When the time arrives to replace your flat roof system there are many things to consider that can improve the performance of your roof. A number of factors can contribute to the poor performance of a flat roof system including improper roof slope, poor drainage, and structural deficiencies. The building use and location will determine other considerations such as R-Value, wind uplift, and U.L. Fire Classification Requirements.
The project managers at Deer Park Roofing, Inc. understand that cost is also a very important factor when deciding on a new roof system versus repairing the existing roof. We are often able to provide short term solutions for our customers in terms of repairs while also providing the customer with a budget number for roof system replacement.
It is extremely important to understand basic “good roofing practices.” These guidelines will help ensure that the selected roofing system is appropriate for the building in which it is installed upon. The following items that will be discussed are the “10 things you should consider” before replacing your flat roof system. The specific items are as follows:
1. ROOF SLOPE
2. ROOF DRAINAGE
3. R-VALUE
4. STRUCTURAL LOADS
5. STRUCTURAL DEFICIENCIES OF THE ROOF DECK
6. WIND UPLIFT
7. U.L. FIRE CLASSIFICATION REQUIREMENTS
8. REPAIR vs. REPLACEMENT
9. TEAR OFF vs. ROOF-OVER
10. WHICH SYSTEM IS RIGHT FOR ME?
The slope of your roof system plays an important role in how effectively your roof sheds water. The biggest problem with most commercial or flat roofing systems is caused by poor roof slope. Imagine a roof that has very little slope and many areas of ponding water. The ponding water is caused by a roof slope that is inadequate to overcome irregularities in the roof surface. When this roof begins to develop leaks, the leaks will be much more severe than they would on a roof that is shedding water quicker and has minimal ponding water. Simply put, a roof should shed water not retain it (like a swimming pool). While many older flat roofs have performed satisfactorily with slopes of barely ⅛” per foot, it is typically recommended that the roof slope be a minimum of ¼” per foot. This will minimize the chance of stagnant water (ponding) on the roof surface and will minimize the chance of water damage when the roof begins to fail.

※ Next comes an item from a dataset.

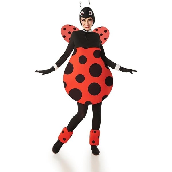 Transforma cualquier fiesta en un desfile de color con este disfraz de mariquita XL perfecto para carnaval o fiestas temáticas. El traje cuenta con un cuerpo rojo con grandes lunares negros, suave y acolchado, que crea un efecto divertido y muy reconocible. La capucha con antenitas añade un toque simpático, mientras que las alas y calentadores completan un conjunto lleno de encanto.

Most roof slope deficiencies can be easily corrected with the addition of tapered insulation. Not only can existing roof slope be increased, but it is also possible to change slope direction completely. For example, a roof that sheds water toward the front of a building could be modified to shed water toward the back of the building. Pre-formed tapered insulation is commonly available in ⅛”, ¼” and ½” per foot slopes.
The drainage system on your roof plays an important role in how your roof eliminates water. As roof slope pertains to “shedding water”, roof drainage pertains to “water disposal”. The performance of the roof drainage system needs to be properly matched to the size and slope of the roof. As the roof slope increases, the volume of water (in a given timeframe) that is routed to the drainage system will increase. The following items should be considered based on historical rainfall data for the Cincinnati area:
(On a roof with internal drains)
Are there a sufficient number of drains based on the diameter of the drains and the total roof SF? Are there appropriate saddles between drains to eliminate water ponding?
(On a roof with scuppers)
Are the scupper openings large enough to support water flow? Are there enough scupper openings? Are there saddles present between scuppers to eliminate ponding water?

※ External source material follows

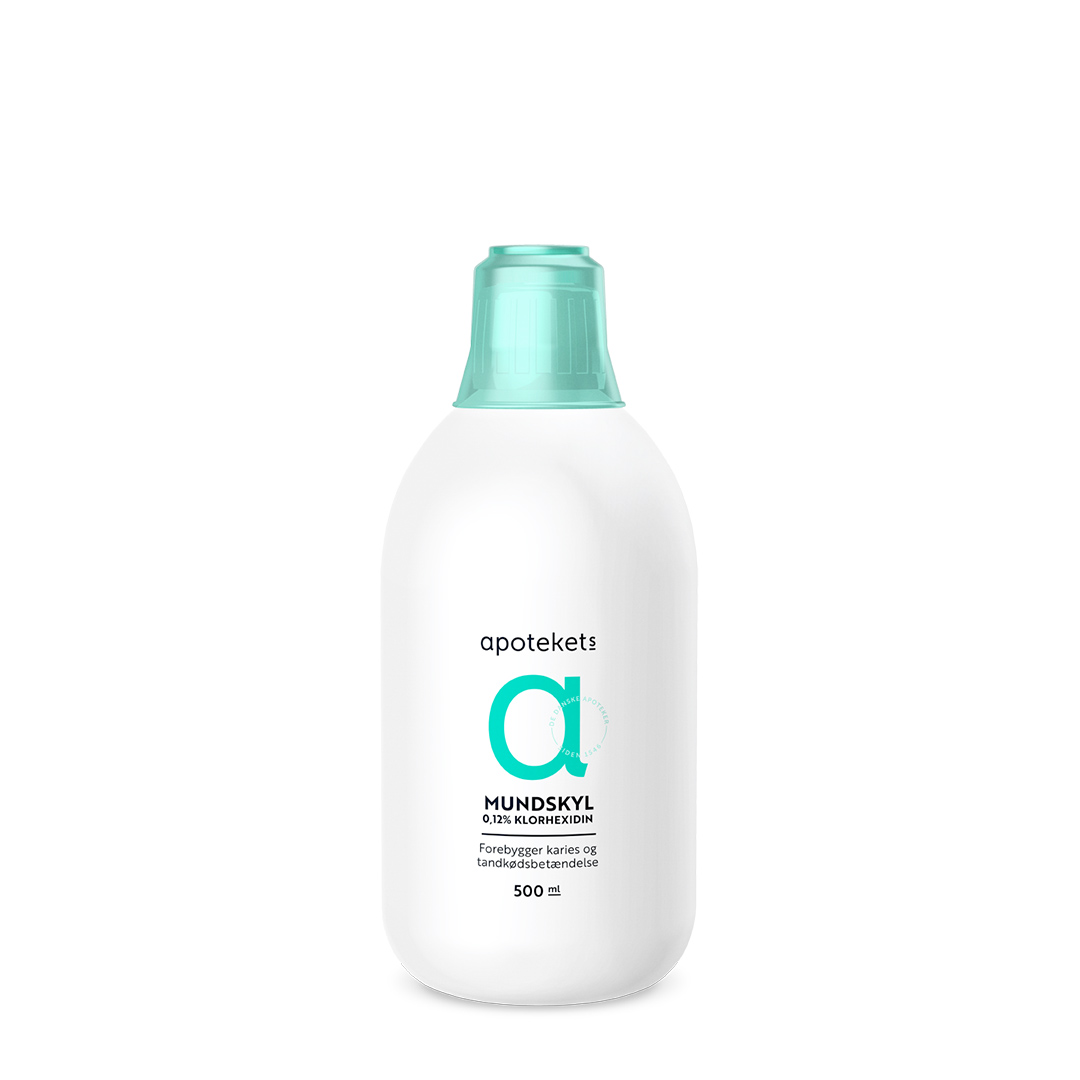Apotekets Klorhexidin Mundskyllevæske 0,12% kan anvendes 2-3 gange dagligt i op til 3 uger, eller efter anvisning fra tandlæge eller tandplejer.

(On a roof with gutters & downspouts)
Are the gutters large enough to handle water flow? Are the downspouts large enough to eliminate water quickly? Are there enough downspouts?
Deficiencies in your roof drainage system can be easily corrected. A roof with undersized gutters & downspouts can have larger gutters & downspouts installed. A roof that has an insufficient number of internal drains can have more drains added. The same principal applies to roof scuppers and other drainage locations.
<p”>R value is a measure of a materials’ resistance to heat transfer. The higher the value, the more resistant the material is to heat transfer. Modern rigid foam roof insulation can be a very effective way to add R-value to your roof structure. Polyisocyanurate insulation (often referred to as polyiso) is extremely popular and offers an R-value of 6 per inch of thickness and has good compressive strength (resists compression). This insulation is available in a large variety of thicknesses and can be installed in multiple layers. Polyiso is also available in pre-formed tapered panels which can be used to increase roof slope or add roof slope where none exists. It is important to consider the existing R-value of your roof system and how it relates to your heating & cooling costs. This will allow you to determine if adding R-value makes sense. If your roof slope is inadequate, it is typically much more cost effective to increase the roof slope utilizing tapered insulation than by structurally altering the roof. There is also the added benefit of increasing the R-value.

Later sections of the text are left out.